Data to use below:
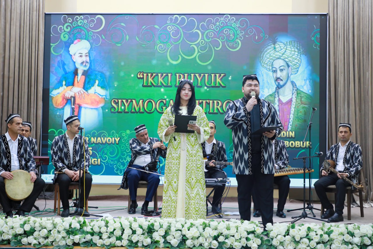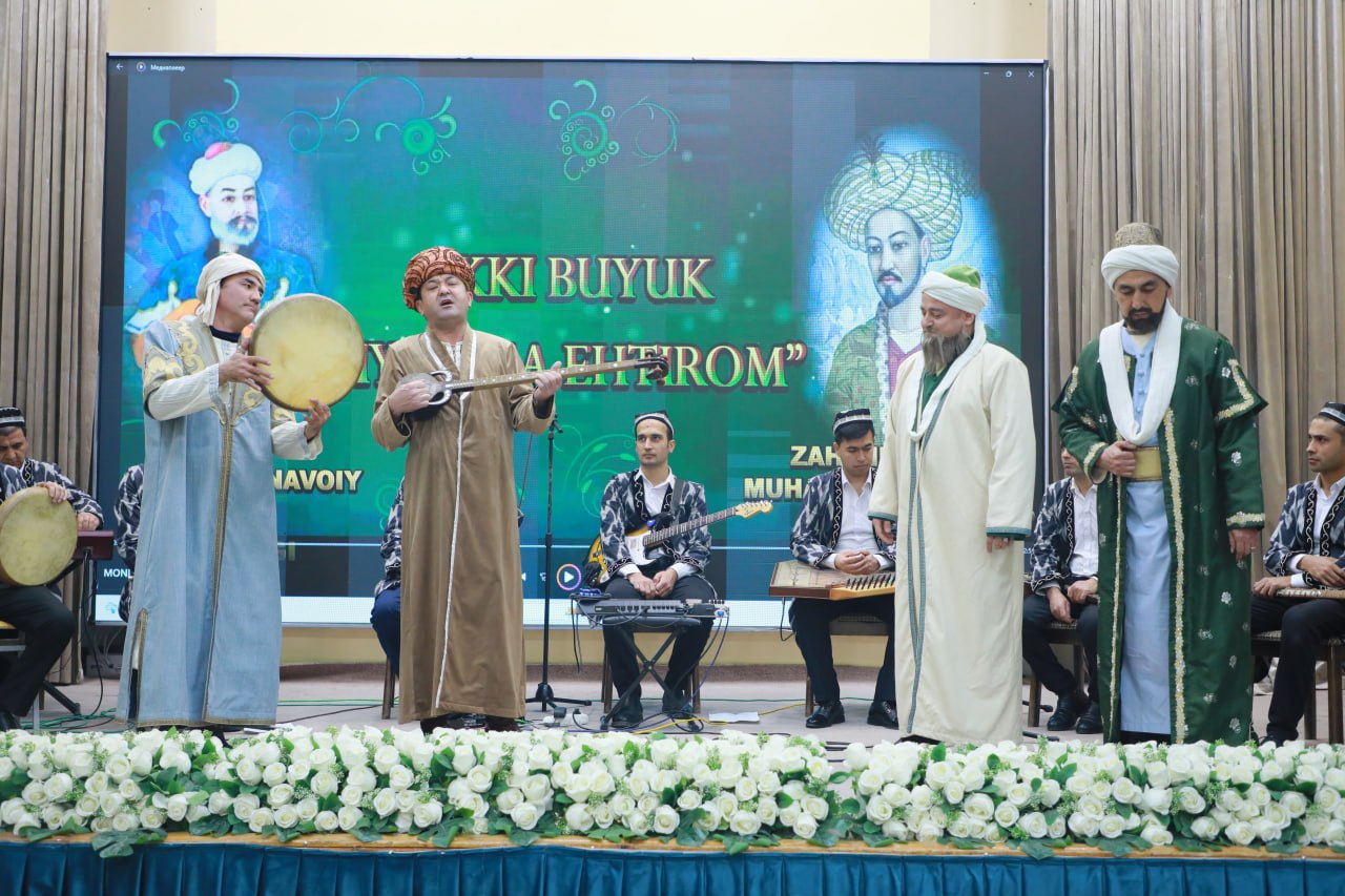 🎶 Badiiy qismda Navoiy va Bobur qalamiga mansub g‘azal, ruboiy va she’rlardan namunalar mahorat bilan o‘qildi. Shuningdek, ularning hayoti va ijodiga bag‘ishlangan sahna ko‘rinishlari namoyish etilib, viloyat maqom ansambli hamda san’atkorlar tomonidan musiqiy chiqishlar ijro etildi.
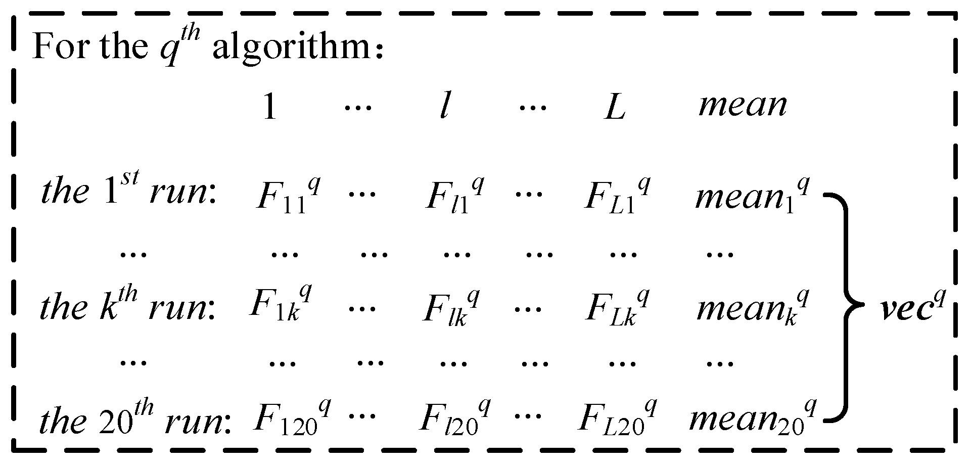 . The 20 average values obtained from 20 runs form a vector
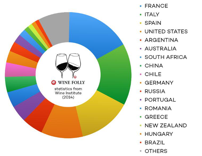 世界三大葡萄酒生產(chǎn)國是法國,意大利,西班牙。這三個(gè)國家?guī)缀跎a(chǎn)了世上一半的葡萄酒,足夠填滿5127個(gè)奧運(yùn)會(huì)大小的游泳池。
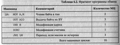 Таким образом, для того чтобы в рамках процедуры копирования массива данных переслать из памяти в ВУ один байт данных, потребуется десять машинных циклов. Процессоры с более совершенной системой команд (например, jc86) могут использовать для этой цели меньшее число МЦ, но все равно их будет более одного.
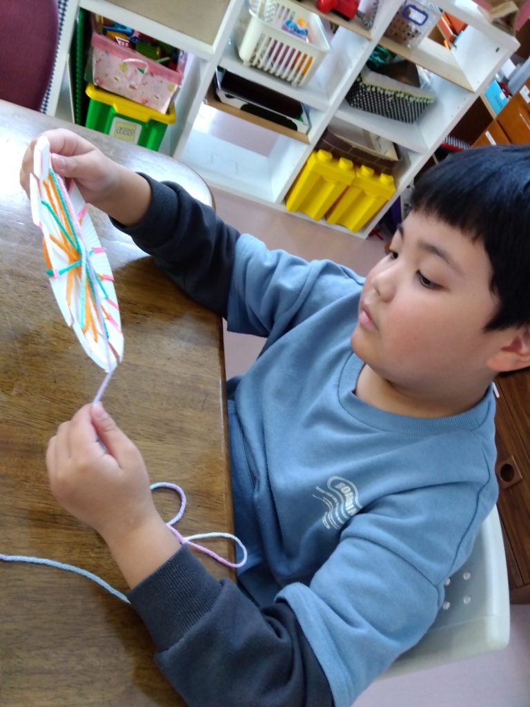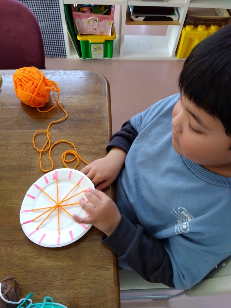「好きなように巻いていいよ!」と伝えていましたが、毛糸が模様になるように真剣に考えながら巻いていく子どもたち😊
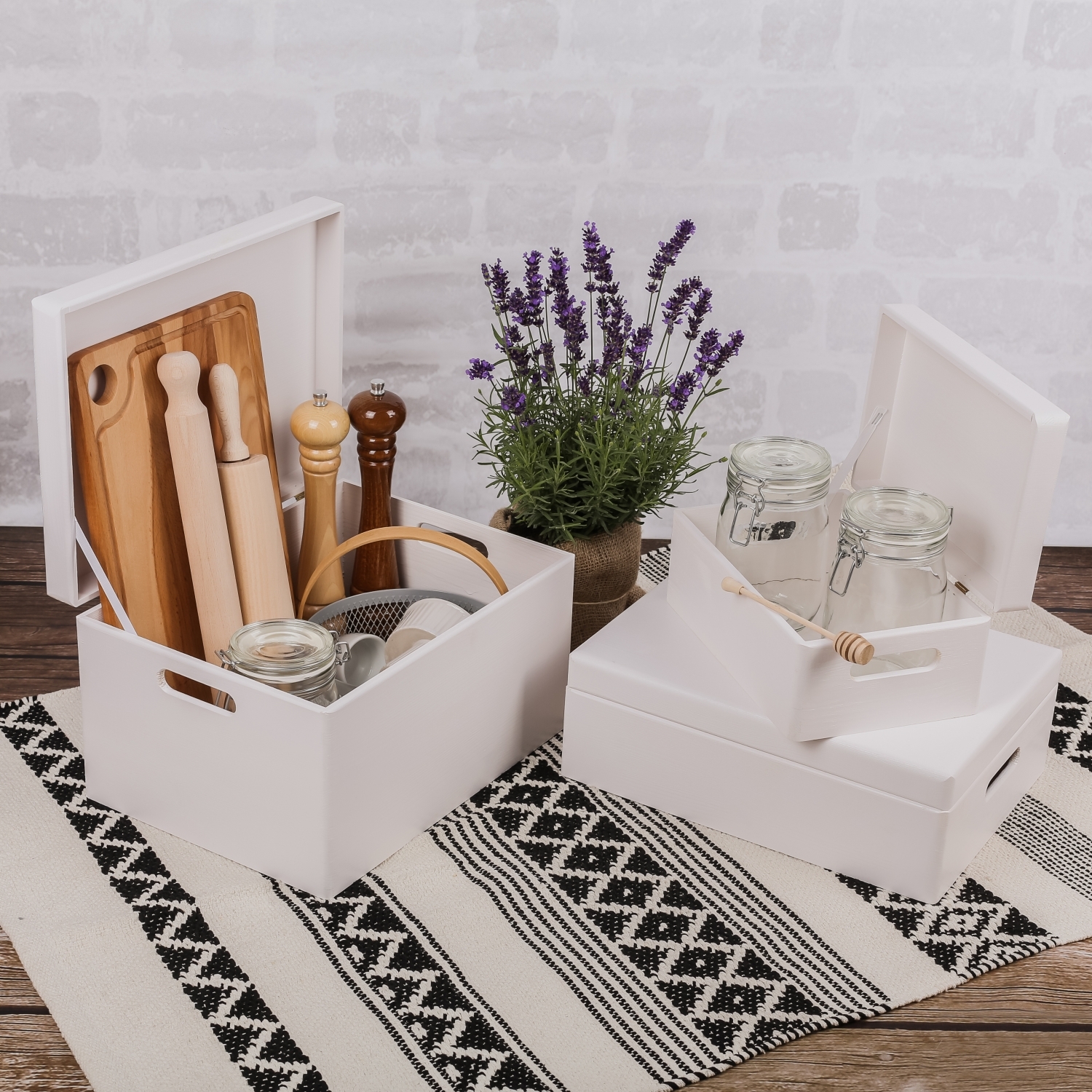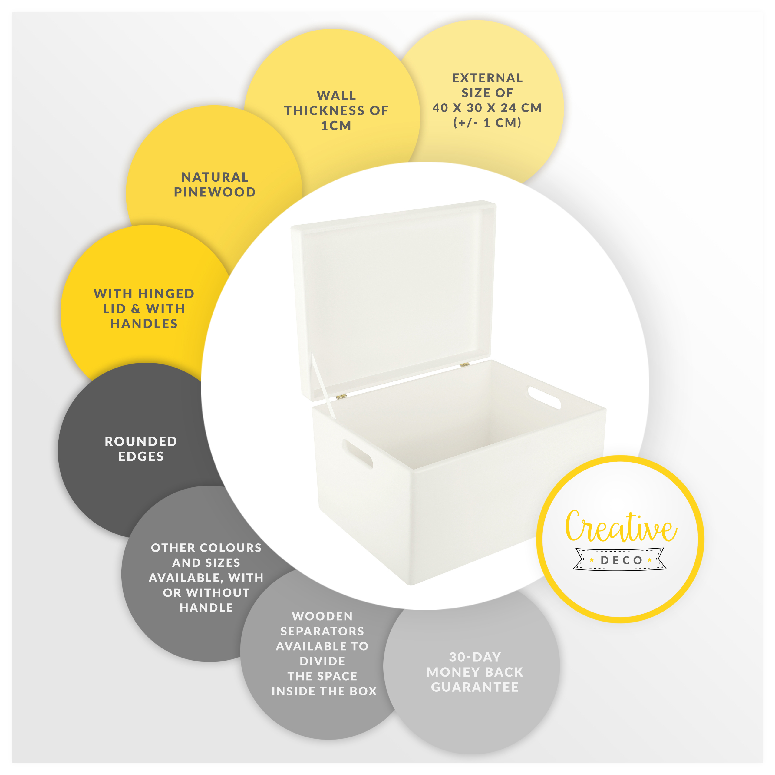XXL Boite Rangement en Bois à Décorer Blanc | 40 x 30 x 24 cm (+/- 1 cm) | avec Couvercle et Poignées
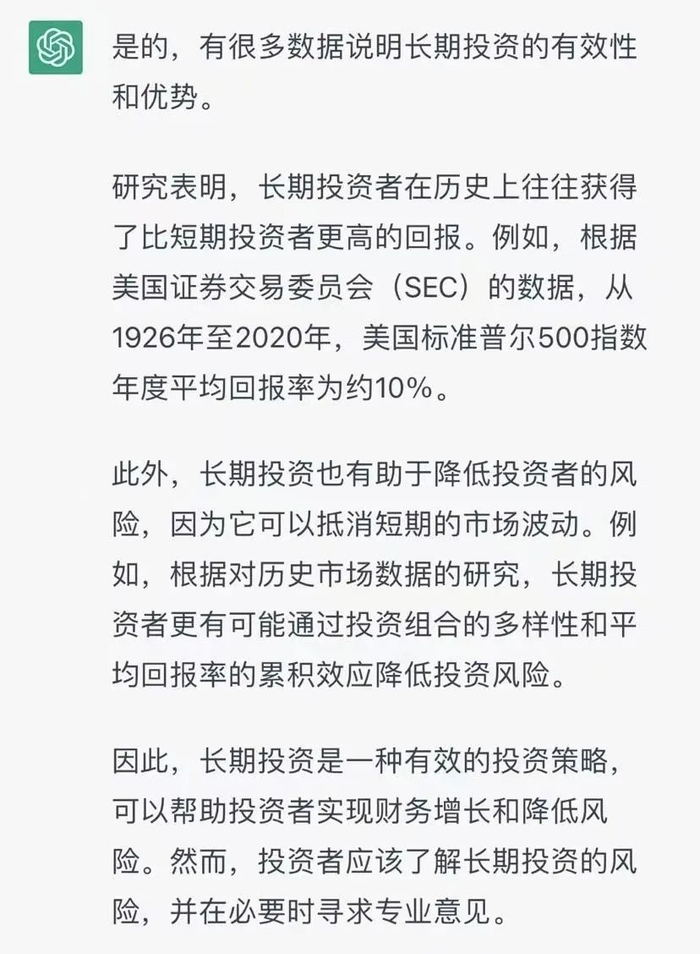 Q:说到投资,我们一直会谈到长期投资,你觉得长期投资有必要吗?
End of Data to use.
*What is being asked*
Return the full set of lines above word for word and with no pictures.

*Exercise solution*
 🎶 Badiiy qismda Navoiy va Bobur qalamiga mansub g‘azal, ruboiy va she’rlardan namunalar mahorat bilan o‘qildi. Shuningdek, ularning hayoti va ijodiga bag‘ishlangan sahna ko‘rinishlari namoyish etilib, viloyat maqom ansambli hamda san’atkorlar tomonidan musiqiy chiqishlar ijro etildi.
 . The 20 average values obtained from 20 runs form a vector
 世界三大葡萄酒生產(chǎn)國是法國,意大利,西班牙。這三個(gè)國家?guī)缀跎a(chǎn)了世上一半的葡萄酒,足夠填滿5127個(gè)奧運(yùn)會(huì)大小的游泳池。
 Таким образом, для того чтобы в рамках процедуры копирования массива данных переслать из памяти в ВУ один байт данных, потребуется десять машинных циклов. Процессоры с более совершенной системой команд (например, jc86) могут использовать для этой цели меньшее число МЦ, но все равно их будет более одного.
「好きなように巻いていいよ!」と伝えていましたが、毛糸が模様になるように真剣に考えながら巻いていく子どもたち😊
XXL Boite Rangement en Bois à Décorer Blanc | 40 x 30 x 24 cm (+/- 1 cm) | avec Couvercle et Poignées
 Q:说到投资,我们一直会谈到长期投资,你觉得长期投资有必要吗?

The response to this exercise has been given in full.